Harvard Medical School and MIT researchers have found clues to why people with autism often have gastrointestinal problems. Their findings, from mouse studies, suggest infections during pregnancy that produce elevated levels of Interleukin-17a (IL-17a) can alter fetal brain development and impact the maternal microbiome, essentially priming the newborn gut for future inflammatory attacks.
In four studies beginning in 2016, study co-senior authors Gloria Choi of MIT and Jun Huh of Harvard have traced how elevated IL-17a during pregnancy acts on neural receptors in a specific region of the fetal brain to alter circuit development, leading to autism-like behavioral symptoms in mouse models. This new research is published today in Immunity.
“We’ve shown that IL-17a acting on the fetal brain can induce autism-like behavioral phenotypes such as social deficits,” said Choi, Associate Professor in The Picower Institute for Learning and Memory and Department of Brain and Cognitive Sciences at MIT. “Now we are showing that the same IL-17a in mothers, through changes in the microbiome community, produces comorbid symptoms such as a primed immune system.”
The researchers caution that the study findings are yet to be confirmed in humans, but that they do offer a hint that central nervous and immune system problems in individuals with autism-spectrum disorders share an environmental driver: maternal infection during pregnancy.
“There has been no mechanistic understanding of why patients with a neurodevelopmental disorder have a dysregulated immune system,” said Huh, an Associate Professor of Immunology at Harvard Medical School. “We’ve tied these fragmented links together. It may be that the reason is that they were exposed to this increase in inflammation during pregnancy.”
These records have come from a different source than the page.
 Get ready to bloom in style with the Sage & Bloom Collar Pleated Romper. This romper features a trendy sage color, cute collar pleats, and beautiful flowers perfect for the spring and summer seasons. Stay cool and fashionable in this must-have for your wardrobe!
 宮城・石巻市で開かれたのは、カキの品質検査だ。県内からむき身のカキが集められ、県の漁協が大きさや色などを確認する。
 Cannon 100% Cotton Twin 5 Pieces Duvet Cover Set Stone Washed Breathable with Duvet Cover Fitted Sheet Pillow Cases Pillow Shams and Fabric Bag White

The research team first injected pregnant mice with poly(I:C), a substance that mimics viral infection. Those offspring, but not the ones of mothers in an unaffected control group, exhibited autism-like symptoms, as expected, and also gut inflammation.
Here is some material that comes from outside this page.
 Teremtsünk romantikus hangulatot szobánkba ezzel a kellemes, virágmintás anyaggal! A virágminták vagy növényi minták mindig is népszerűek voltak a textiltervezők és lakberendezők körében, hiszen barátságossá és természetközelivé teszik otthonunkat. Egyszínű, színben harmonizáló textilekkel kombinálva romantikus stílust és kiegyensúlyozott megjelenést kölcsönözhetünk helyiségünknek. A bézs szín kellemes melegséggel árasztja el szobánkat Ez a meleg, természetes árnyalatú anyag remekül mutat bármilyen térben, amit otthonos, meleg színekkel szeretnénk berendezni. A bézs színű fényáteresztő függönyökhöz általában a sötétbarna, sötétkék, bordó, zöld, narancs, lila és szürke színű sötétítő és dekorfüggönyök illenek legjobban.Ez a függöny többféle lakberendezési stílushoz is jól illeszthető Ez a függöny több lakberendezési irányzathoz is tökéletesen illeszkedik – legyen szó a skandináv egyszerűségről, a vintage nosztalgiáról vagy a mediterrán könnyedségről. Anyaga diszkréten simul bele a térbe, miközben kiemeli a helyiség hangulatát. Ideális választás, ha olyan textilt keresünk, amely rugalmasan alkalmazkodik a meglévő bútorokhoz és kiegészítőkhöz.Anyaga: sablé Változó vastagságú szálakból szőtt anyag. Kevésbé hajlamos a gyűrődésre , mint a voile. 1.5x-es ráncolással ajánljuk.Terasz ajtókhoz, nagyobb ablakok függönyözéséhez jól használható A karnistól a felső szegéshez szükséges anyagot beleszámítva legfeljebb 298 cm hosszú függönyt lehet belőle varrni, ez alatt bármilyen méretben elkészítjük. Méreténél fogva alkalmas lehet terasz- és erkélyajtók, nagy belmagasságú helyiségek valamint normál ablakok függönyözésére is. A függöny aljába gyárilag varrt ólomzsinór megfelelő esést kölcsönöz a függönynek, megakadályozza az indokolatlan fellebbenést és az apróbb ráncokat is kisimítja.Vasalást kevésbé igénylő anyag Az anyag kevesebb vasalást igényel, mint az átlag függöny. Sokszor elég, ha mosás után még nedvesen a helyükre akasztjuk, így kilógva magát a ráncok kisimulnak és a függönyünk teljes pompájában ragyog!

To find out when the altered immune responses were developed, the team next switched mouse pups at birth so that ones born to MIA moms were reared by control moms and ones born to control moms were reared by MIA moms. Pups born to MIA moms but reared by control moms exhibited the autism symptoms but not the intestinal inflammation. I contrast, pups born to control moms but reared by MIA moms did not show autism symptoms, but did experience intestinal inflammation. These results showed that while neurodevelopment is altered before birth, the immune response is altered postnatally.
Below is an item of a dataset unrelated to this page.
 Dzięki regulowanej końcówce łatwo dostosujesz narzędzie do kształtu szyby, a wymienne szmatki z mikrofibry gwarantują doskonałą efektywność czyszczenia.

But how do MIA moms have this postnatal effect on pups? The researchers examined stool from MIA and control mice and found that the diversity of the microbial communities were significantly different.
The team next raised a new set of female mice in a “germ-free” environment, meaning that they do not carry any microbes in or on their body. Then the scientists transplanted stool from MIA or control moms into these germ-free moms and bred them with males. Unlike with the controls, pups born to MIA-stool-transferred moms exhibited the intestinal inflammation. These results indicated that the altered microbiome of MIA moms leads to the immune priming of offspring.
Among the notable differences the team measured in the intestinal inflammation response was an increase in IL-17a production. IL-17a is the same cytokine whose levels are upregulated in MIA moms. When the scientists looked at T cells from MIA-microbiome-exposed offspring vs. control offspring they found that in MIA-offspring, CD4 T cells were more likely to differentiate into Th17 cells, which release IL-17a.
“Thus, increase in IL-17a in moms during pregnancy leads to susceptibility to produce more IL-17a in offspring upon an immune challenge,” Choi said.